As you know, all students, pensioners and schoolchildren in Moscow are issued a Muscovite social card (SCM), which simultaneously serves as a bank card and a travel card for various types of transport.

Technically, the card is a Mifare Classic RFID card in one of two versions, 1K or 4K.
The Mifare Classic map is divided into sectors (16 and 40 respectively), access to each of which is provided by key (6 bytes). The Mifare Classic card implements proprietary encryption and restricts access to sectors independently.
')
In SCM, sectors are divided between different organizations.
Some sectors (13-14) are open, they are accessed according to the standard key A0 ... A5 defined in the card description .

According to the developers of the system, this standard key can only be known as “an organization registered by the MCP State Unitary Enterprise as an acceptor of a social card,” which, to put it mildly, is not true.

However, the open sectors of the card do not contain anything serious: they contain only the name of the cardholder, gender and date of birth and social card number, which naturally has nothing to do with the number of the banking component of the card.

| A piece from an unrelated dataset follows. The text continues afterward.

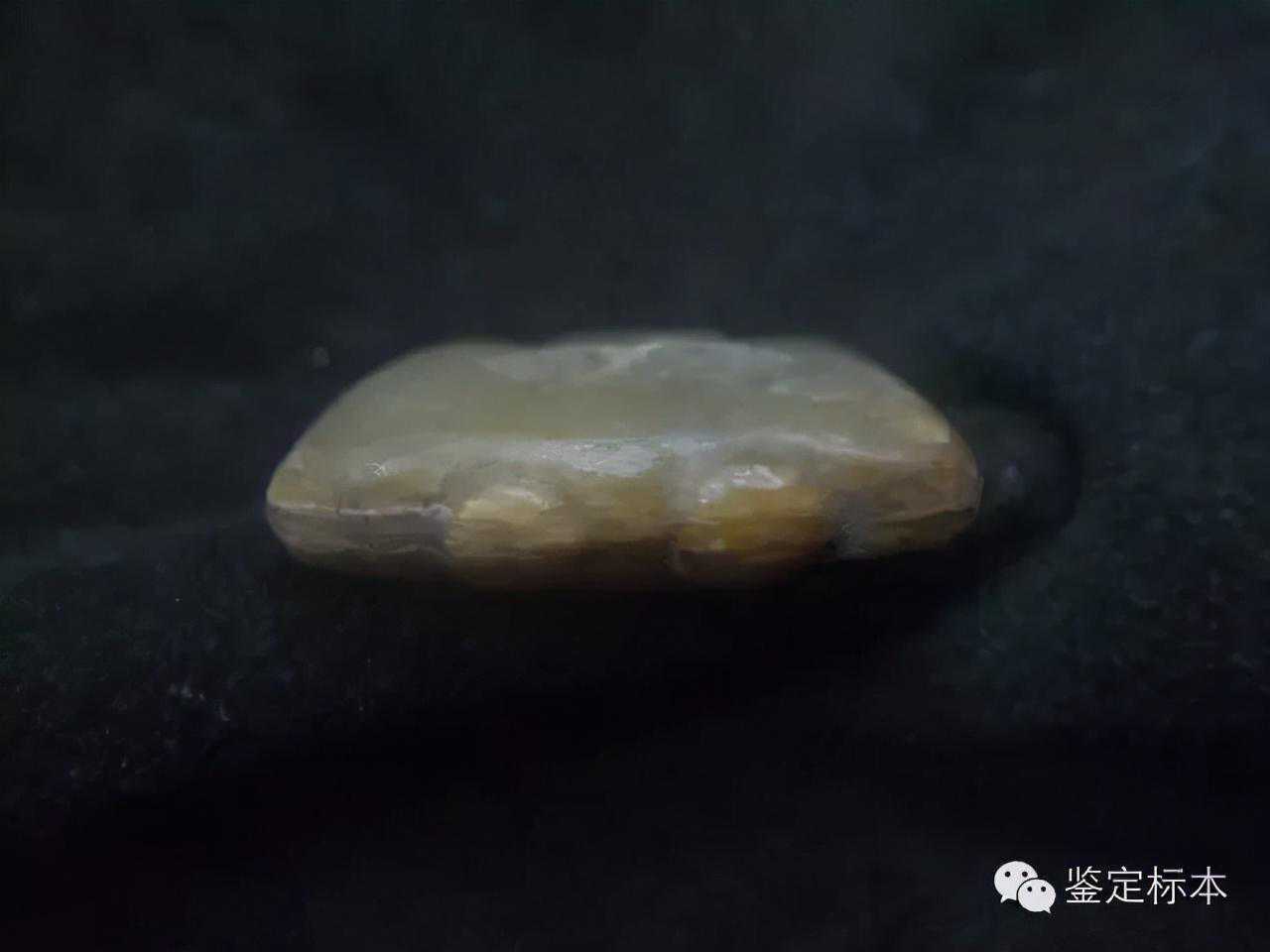 內部的白色,由外而內的黃色、褐色,深入玉質內部,分佈自然,非常內在,內部的玉質白化與透明成分交織自然,白化成分與表面黃褐色過渡自然,變化豐富。對沁色的把握,只能依賴長期的積累,這正是一個鑒定家應有的素養。

The remaining sectors of the map, for example, containing travel cards, are closed and can be accessed only by knowing the corresponding keys.

Keys


Starting from 2008, when the proprietary encryption algorithm was restored, you can access the data on the card without keys. There are at least three types of key attacks:
  • with the interception of information transmitted over the air between the card and the reader, "knowing" the keys
  • using vulnerability of software RNG and encryption algorithm using only the card
  • accelerated modification of the previous method, using only the map and knowledge of the key to at least one sector


Because Since SCM has open sectors, the simplest is to use a third attack.

Key recovery


This type of attack is carried out, for example, by the MFOC utility. To launch an attack, you will need a reader supported by libnfc, for example SCM SCL3711 . More available in Russia readers ACR122T or ACR122U on the same chip.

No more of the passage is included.